Instructing your own solicitor (and getting your insurer to pay for it).
There is an obscure and not well known piece of Law which gives people the right to have a say in which Solicitor carries out work for them – even when it is the person’s insurance company that is paying for that legal work. The piece of Law, for those who are interested, is the Insurance Companies (Legal Expenses Insurance) Regulations 1990.
What those regulations say is that an insurance company must afford the policy holder the right to “entrust the defence of his interests” to a Lawyer of his or her choice. There are a few exceptions and limitations to the rule but, in the main, for most categories of rights, a policy holder should not feel pressured to accept legal advice from a Solicitor of the insurance company’s choosing.
This is, perhaps, particularly important for clients living a long distance away from where their insurance company’s solicitor is based. Also, clients who value a more personal service or face-to-face meetings with their Solicitor can benefit from these regulations.
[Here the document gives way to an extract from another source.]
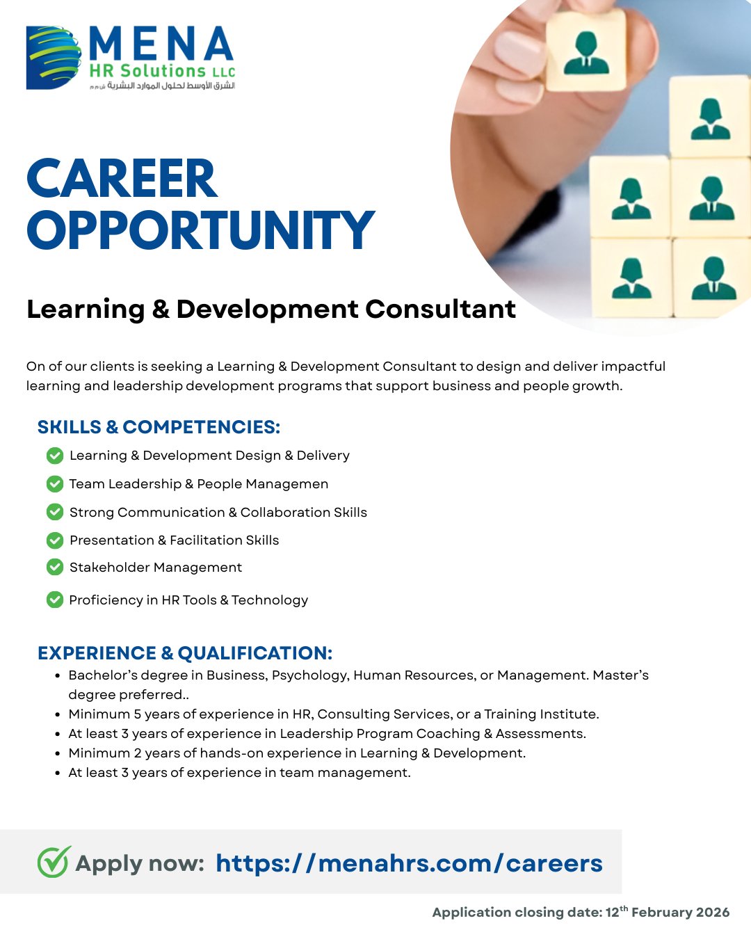 الشرق الأوسط لحلول الموارد البشرية - وظيفة شاغرة ( Learning & Development Consultant )

If you have an insurance policy which gives you the benefit of legal expenses insurance (this normally means that the insurance company would protect you from the cost of the legal advice you need) you should either ask your insurer directly to confirm that they are happy for your to instruct your own Solicitor or just contact your Solicitor. Many Solicitors (myself included) will be quite happy to approach your insurance company directly if they think there is the prospect of some work for them.